→ Task description
Set down each line of the data below exactly as it stands, dropping the pictures.

(Data extract begins)

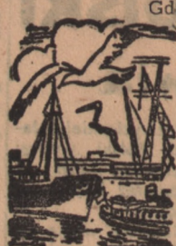
Gdańsk, w kwietniu.

Czteroletni dorobek nasz na Wybrzeżu polskim stanowi swego rodzaju epokę, w której mieści się wysiłek robotnika około odbudowy portów. Porty działają już niezwykle sprawnie. Na odzyskanym Wybrzeżu mamy ogółem 8 portów handlowych, spośród których nie uruchomiliśmy dotychczas Elbląga.
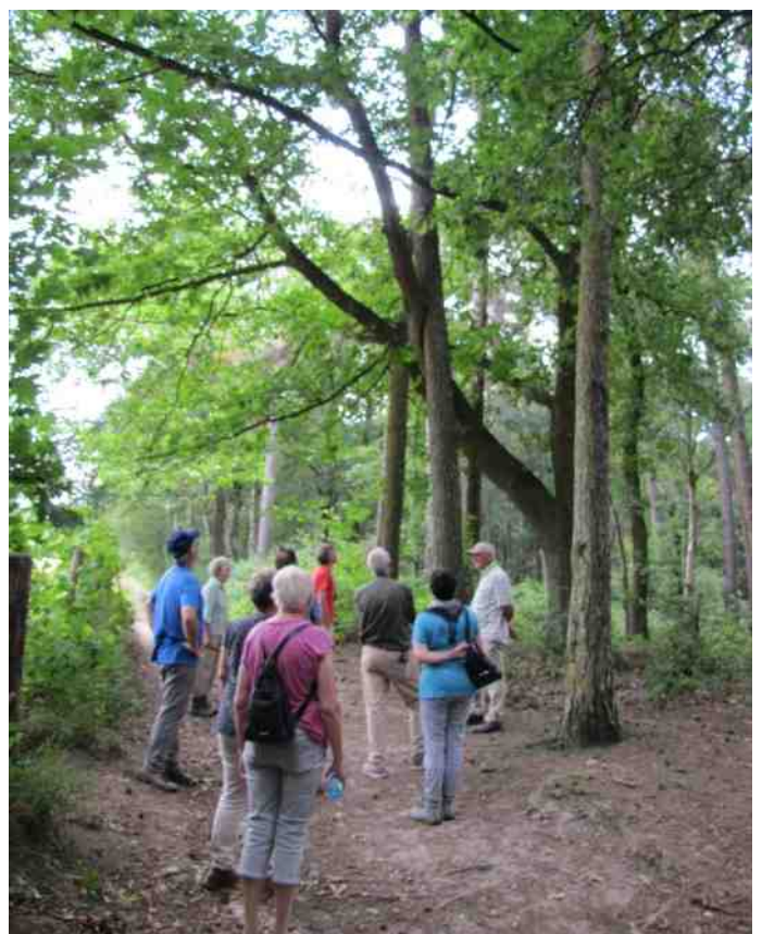
4: bomen in innige omhelzing

(Data extract ends)

→ Answer below
Gdańsk, w kwietniu.

Czteroletni dorobek nasz na Wybrzeżu polskim stanowi swego rodzaju epokę, w której mieści się wysiłek robotnika około odbudowy portów. Porty działają już niezwykle sprawnie. Na odzyskanym Wybrzeżu mamy ogółem 8 portów handlowych, spośród których nie uruchomiliśmy dotychczas Elbląga.
4: bomen in innige omhelzing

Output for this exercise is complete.